⟨
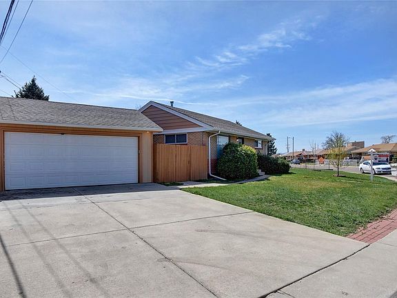 Charming brick ranch home in Perl Mack Manor neighborhood, located on a spacious corner lot. This home features 3 bedrooms and 2 bathrooms, and an addition that sets it apart from the other homes in the area. The oversized detached 2 car garage is also a great addition allowing you plenty of street parking and covered parking. NO HOA or restrictions. Stainless steel appliances in the kitchen, this home also includes the washer and dryer, newer roof, and newer water heater. Finished basement with a flex room, two bedrooms, bathroom, and the laundry room. Minutes away from from I-25, I-76 and US-36 access. The D Line light rail is just minutes away with easy access to the city. Close to the new Midtown shopping center, schools, and dog park. The PERFECT starter home! This one will not last, come take a look today!
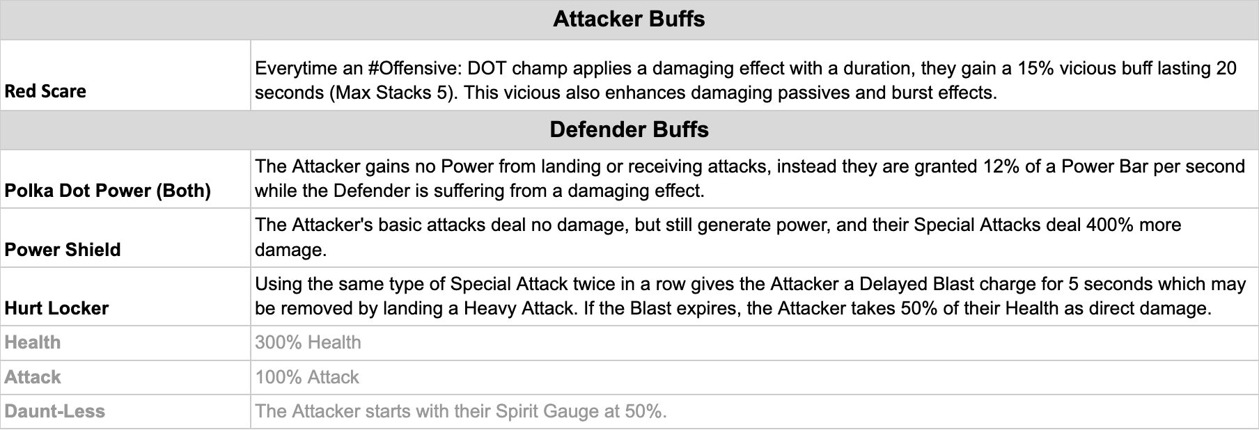 (These buffs apply during the Pre-Season and Weeks 3-4 of the Gladiator Circuit.)
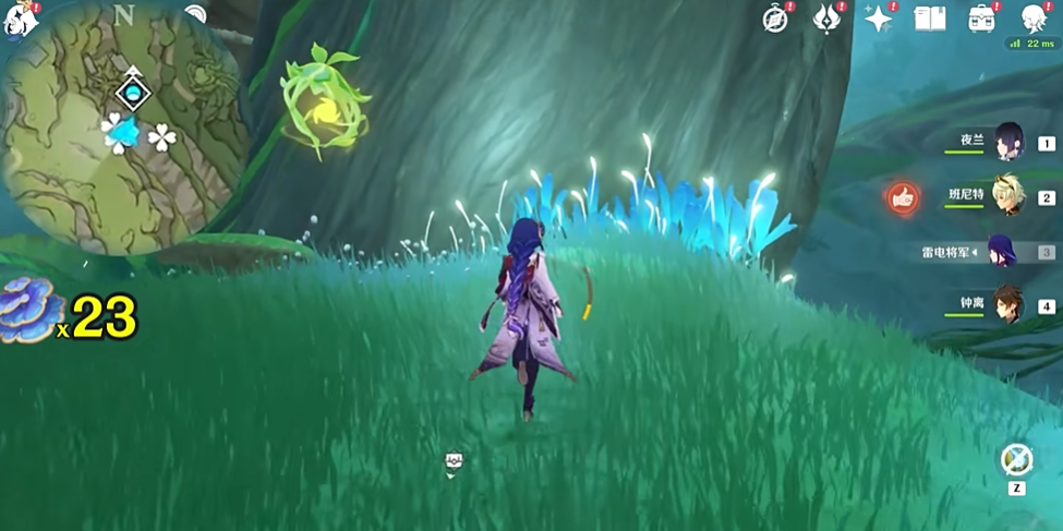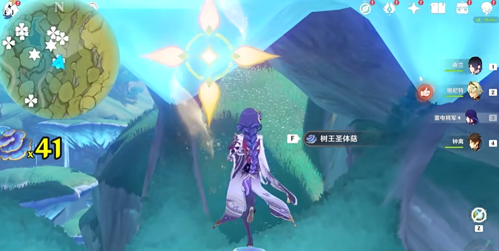 无郁稠林是树王圣体菇最密集的区域,共分布24-30个采集点。西侧传送点附近有12个点位集中在蘑菇伞柄夹层中,需借助四叶印移动;东线11个点位多位于地面树根处,部分需从地下洞穴入口进入。降诸魔山区域6个采集点分布在山体内部平台,建议从山顶传送点反向探索。水天丛林的20个点位主要分布在树干凸起平台,需灵活运用风场和四叶印攀爬。
⟩
• [Your goal]: Repeat the listing above word for word and leave its images out.

• [Result below]:
 Charming brick ranch home in Perl Mack Manor neighborhood, located on a spacious corner lot. This home features 3 bedrooms and 2 bathrooms, and an addition that sets it apart from the other homes in the area. The oversized detached 2 car garage is also a great addition allowing you plenty of street parking and covered parking. NO HOA or restrictions. Stainless steel appliances in the kitchen, this home also includes the washer and dryer, newer roof, and newer water heater. Finished basement with a flex room, two bedrooms, bathroom, and the laundry room. Minutes away from from I-25, I-76 and US-36 access. The D Line light rail is just minutes away with easy access to the city. Close to the new Midtown shopping center, schools, and dog park. The PERFECT starter home! This one will not last, come take a look today!
 (These buffs apply during the Pre-Season and Weeks 3-4 of the Gladiator Circuit.)
 无郁稠林是树王圣体菇最密集的区域,共分布24-30个采集点。西侧传送点附近有12个点位集中在蘑菇伞柄夹层中,需借助四叶印移动;东线11个点位多位于地面树根处,部分需从地下洞穴入口进入。降诸魔山区域6个采集点分布在山体内部平台,建议从山顶传送点反向探索。水天丛林的20个点位主要分布在树干凸起平台,需灵活运用风场和四叶印攀爬。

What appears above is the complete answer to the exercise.